Я знаю, что в ближайшие шесть – восемь часов у меня не будет перерыва, поэтому засовываю отсыревший сэндвич в карман двери, прежде чем включить рацию и ввести свои данные в бортовой компьютер. Затем я жду, когда на экране высветится первый вызов (обычно это происходит быстрее чем через минуту). Когда на экране появляется адрес, мы сразу выезжаем, следуя указаниям спутникового навигатора. Если вызов был принят некоторое время назад, мы получаем всю информацию сразу: «ПОЖИЛОЙ МУЖЧИНА, СУДОРОГИ». В противном случае детали узнаем по пути, по мере того как оператор задает вопросы и получает ответы. Нам называют категорию серьезности вызова, но об этом позже.

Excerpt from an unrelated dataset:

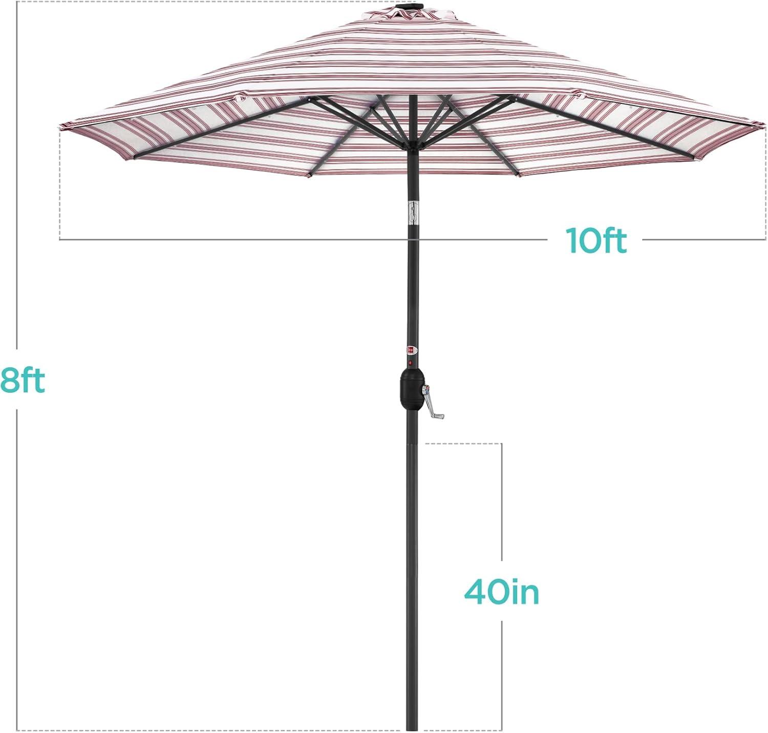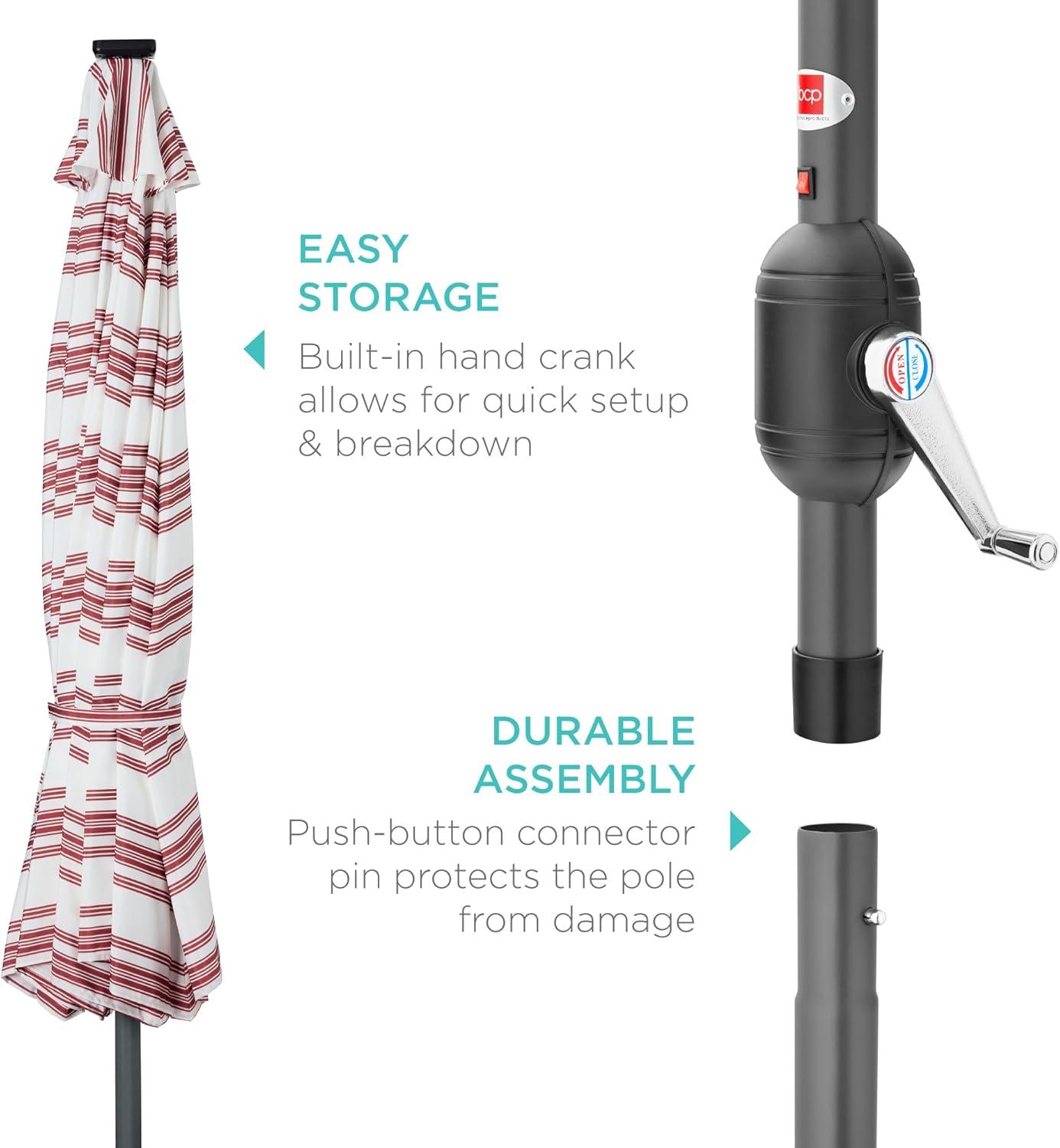 Best Choice Products 10ft Solar Polyester LED Lighted Patio Umbrella w/Tilt Adjustment and UV-Resistant Fabric – Tan(Striped Burgundy)

В скорой помощи чудо, если на важный для вас праздник не выпало очередное дежурство. Чаще бывает наоборот.

Все вызовы разные, потому что все люди разные. Однако столь непохожие тела выходят из строя одинаково. У нас много пациентов с болью в груди и спине, затрудненным дыханием, порезами, шишками, синяками и переломами. Через некоторое время четкий алгоритм действий при определенной проблеме становится второй натурой. Я бы не сказал, что работа в скорой помощи скучная, но она тоже может стать рутинной.

Бывают дни, когда я просыпаюсь и думаю: «Надеюсь, ничего слишком серьезного сегодня не произойдет», – потому что плохо спал ночью или просто не чувствую себя собранным. Однако мыслить так – все равно что искушать судьбу. Работник скорой помощи не может позволить себе расслабиться. Нельзя напиться вечером, выползти из постели утром, опоздать на смену, а потом дышать перегаром в лицо бедной упавшей девочке. Даже «нормальные» дни в скорой помощи, когда не происходит ничего, что заставляет вас разочароваться в мире, могут превратиться в сцену из фильма ужасов, когда вам говорят: «Черт, на М40 произошла крупная автомобильная авария…»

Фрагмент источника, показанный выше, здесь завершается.